5. Déclarer la lecture dans pm() :

if(!strcmp(s,"NomDansLeFichierEntree")) {
  return (Parameters_Index(mon_nouveau_parametre)) ;
}

En comparaison, ajouter la même variable dans Sulfaco.c nécessiterait : (1) choisir manuellement un offset NVI, (2) ajouter un #define, (3) incrémenter NVI, (4) ajouter la dérivée à la main dans ComputeMatrix.


9. Références bibliographiques

  • Dangla, P. (2018). BIL — A finite element code for coupled problems in mechanics, physics and chemistry. Documentation interne, Université Gustave Eiffel. — Description de l'interface MaterialPointMethod et du framework CustomValues_t utilisé dans Sulfaconew.

  • Les références physiques du modèle (Biot, Coussy, Flatt-Scherer, Nernst-Planck, Van Genuchten) sont identiques à celles de Sulfaco.

  • Langer, U. & Steinbach, O. (Eds.) (2016).

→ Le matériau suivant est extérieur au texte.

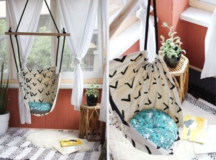 Комфортный гамак, пошитый из плотной ткани, выдержит вес взрослого человека. Главное — надежно зафиксировать крепления на потолке.
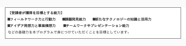 本プログラムでは、東北6県を中心に、テクノロジーに明るく、地域課題を真正面から捉え、新たな価値を生み出し、それを地域資源として活用でき、そして行動する人材を養成します。
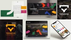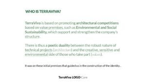 Redesign da identidade visual da startup ecológica de arquitetura TerraViva, desenvolvido em parceria com a Universidade de Aveiro em uma competição acadêmica internacional, onde o projeto foi finalista.
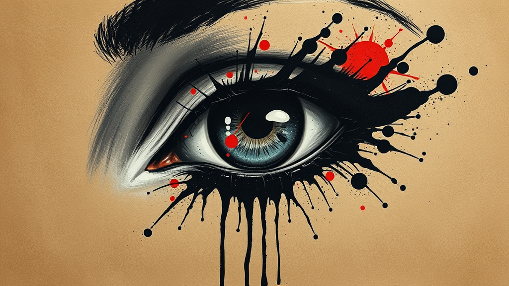 A striking portrait of an eye, splattered with vibrant paint and abstract stains, set against textured brown paper, designed in a noir comic art style with gothic black and white tones. Influenced by the angura kei movement, the piece merges elements of monumental ink paintings and dramatic chiaroscuro, blending biomorphic shapes with the fluidity of oil painting techniques. Emphasizing strong contrasts and an elongated vertical composition, the artwork evokes a surreal and mysterious atmosphere.

Adaptive Finite Elements in Linear and Nonlinear Solid and Structural Mechanics. CISM Courses and Lectures. — Contexte général des architectures de solveurs EF orientés objet avec templates C++.

  • Logg, A., Mardal, K.-A., & Wells, G. (2012). Automated Solution of Differential Equations by the Finite Element Method (FEniCS). Springer. — Exemple de référence d'une architecture similaire : types paramétrés par T pour la différentiation automatique dans un code EF générique.